- To do:
Repeat the listing exactly. Any picture in it should be left out of the copy.

- Data segment:
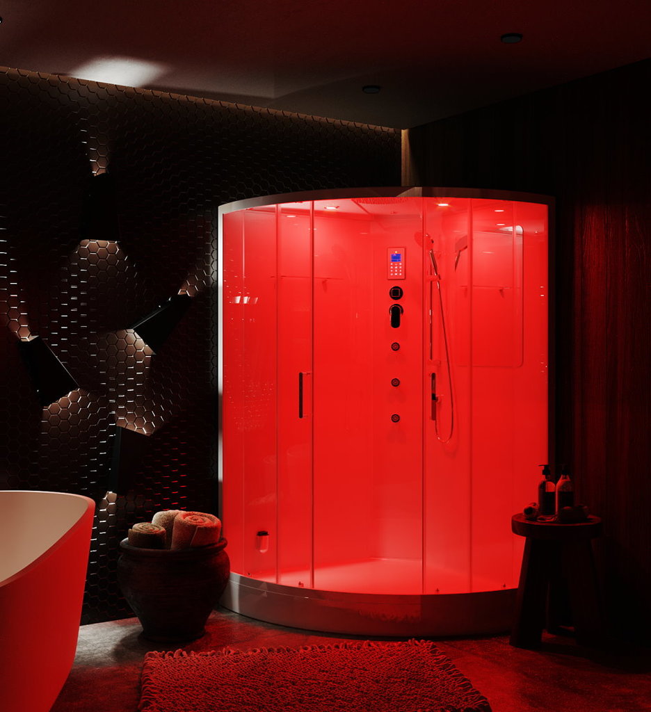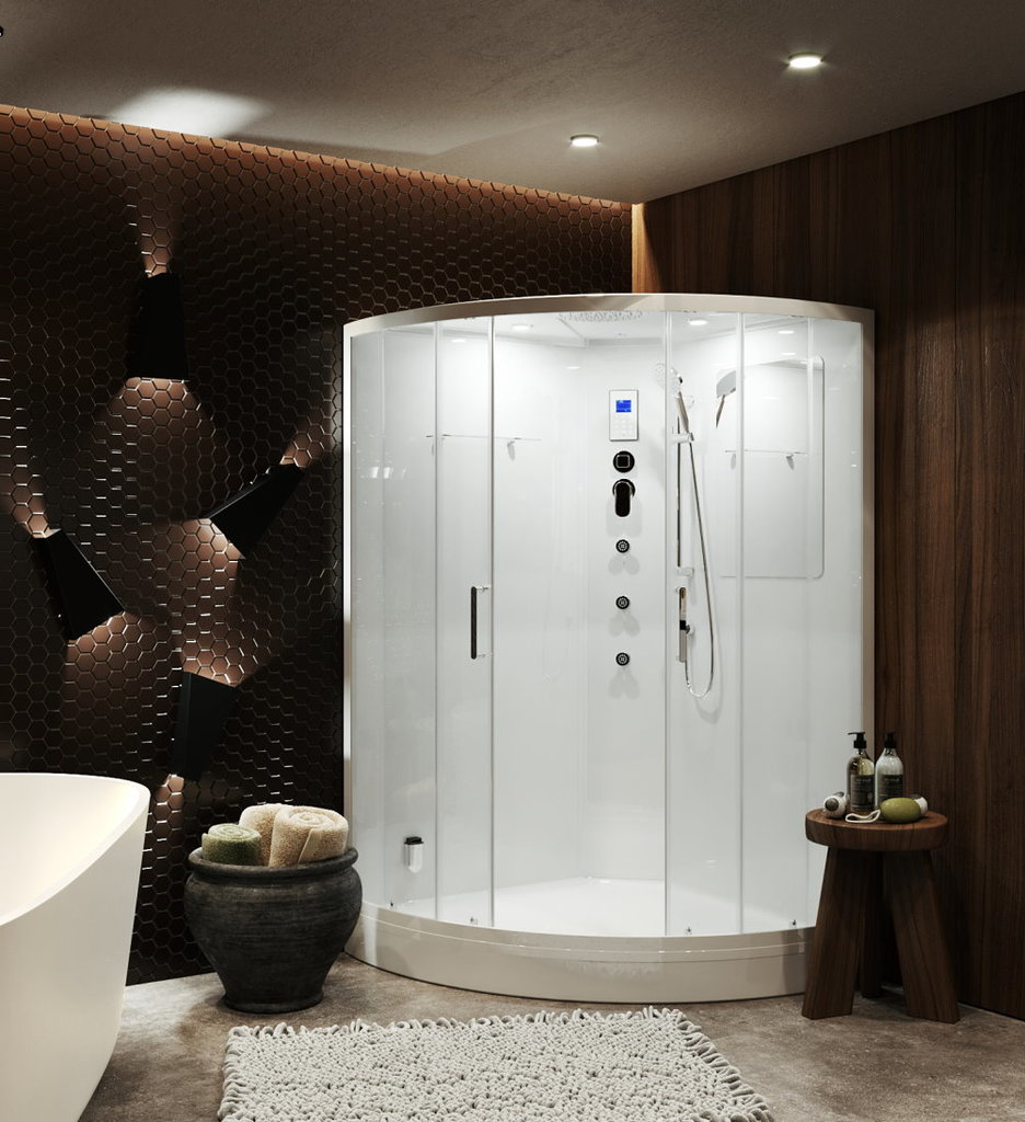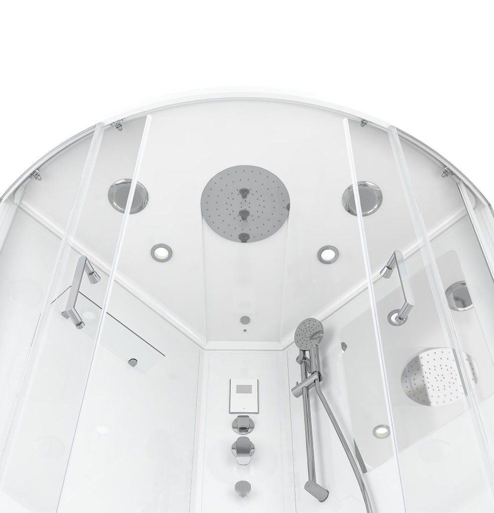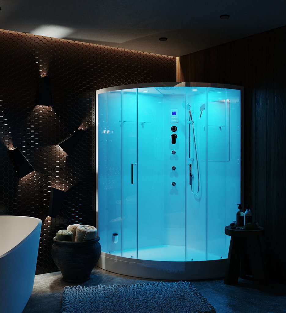 Турецкая баня 55оС, озонатор О3, сенсорная панель управления, акриловый поддон, стёкла белые AGC Planibel CrystalVision 6мм, тропический душ 30 см, 3 форсунки вертикального гидромассажа, смеситель с переключателем режимов, душевая стойка, 3-х режимная душевая лейка, стеклянная полочка 10х60 см, двойные подшипниковые ролики, выпуск с гидрозатвором и корзиной для сбора мусора, встроенное зеркало 50х70см, дверные ручки L=20 см, латунные резьбовые соединения, соединительные шланги из полимерного композита, съёмный экран, стальное основание, 7 регулируемых ножек, FM радио, BLUETOOTH музыка/телефон, вентиляция, многоцветная LED подсветка.
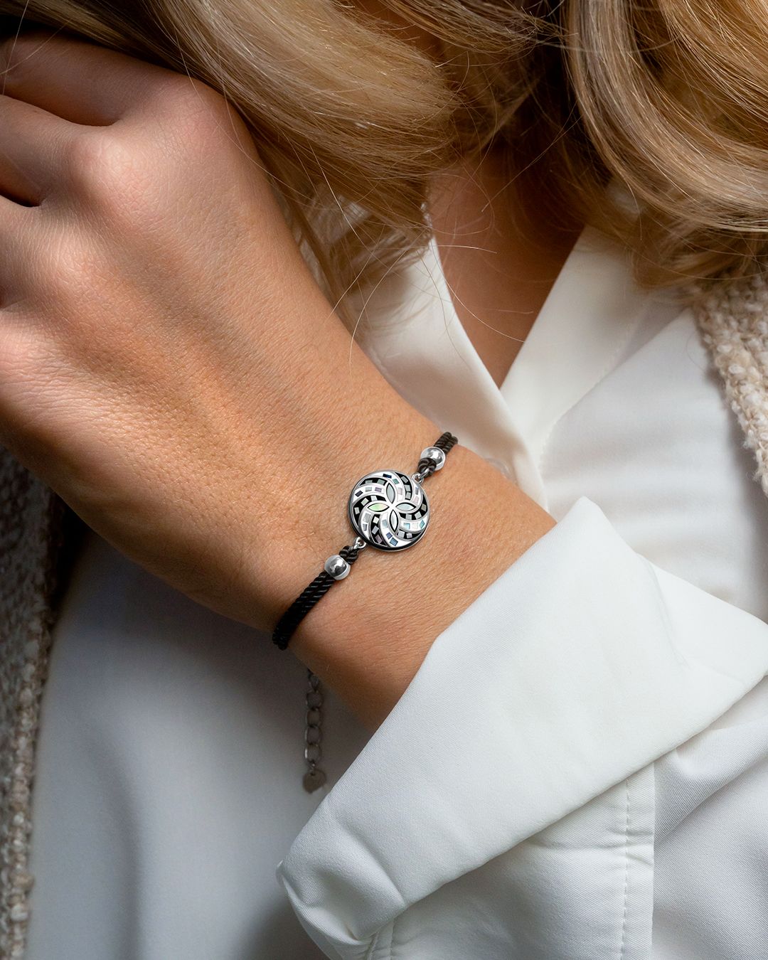 La couleur de son acier met en avant la mosaïque de noir et de blanc incrustée de fines feuilles de nacre aux reflets irisés qui apportera un vrai plus à vos tenues !
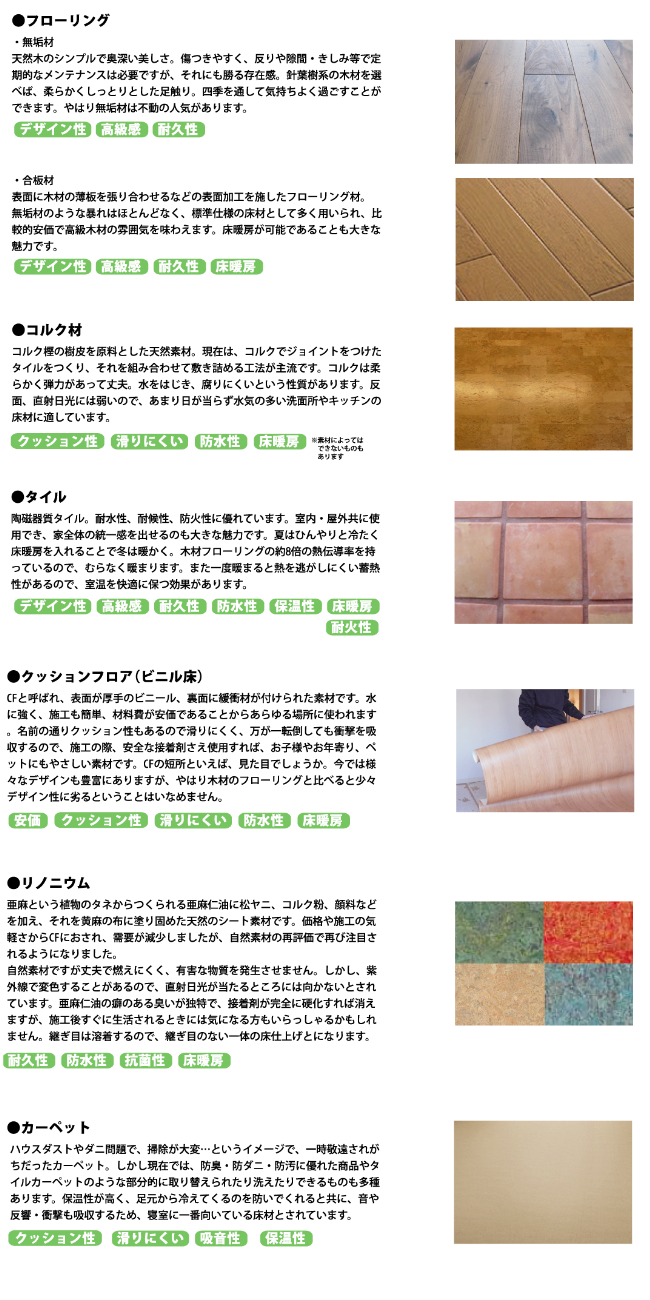 床が変わると、部屋全体の印象が大きく変わります。ご存知の通り、床材にも様々な種類があり、特徴も異なります。掃除の頻度や時間、室内履きの有無、床に座るのかイスに座るのか等など・・・。どんな暮らしをしたいかで選ぶ床材も変わります。

- Exercise result:
 Турецкая баня 55оС, озонатор О3, сенсорная панель управления, акриловый поддон, стёкла белые AGC Planibel CrystalVision 6мм, тропический душ 30 см, 3 форсунки вертикального гидромассажа, смеситель с переключателем режимов, душевая стойка, 3-х режимная душевая лейка, стеклянная полочка 10х60 см, двойные подшипниковые ролики, выпуск с гидрозатвором и корзиной для сбора мусора, встроенное зеркало 50х70см, дверные ручки L=20 см, латунные резьбовые соединения, соединительные шланги из полимерного композита, съёмный экран, стальное основание, 7 регулируемых ножек, FM радио, BLUETOOTH музыка/телефон, вентиляция, многоцветная LED подсветка.
 La couleur de son acier met en avant la mosaïque de noir et de blanc incrustée de fines feuilles de nacre aux reflets irisés qui apportera un vrai plus à vos tenues !
 床が変わると、部屋全体の印象が大きく変わります。ご存知の通り、床材にも様々な種類があり、特徴も異なります。掃除の頻度や時間、室内履きの有無、床に座るのかイスに座るのか等など・・・。どんな暮らしをしたいかで選ぶ床材も変わります。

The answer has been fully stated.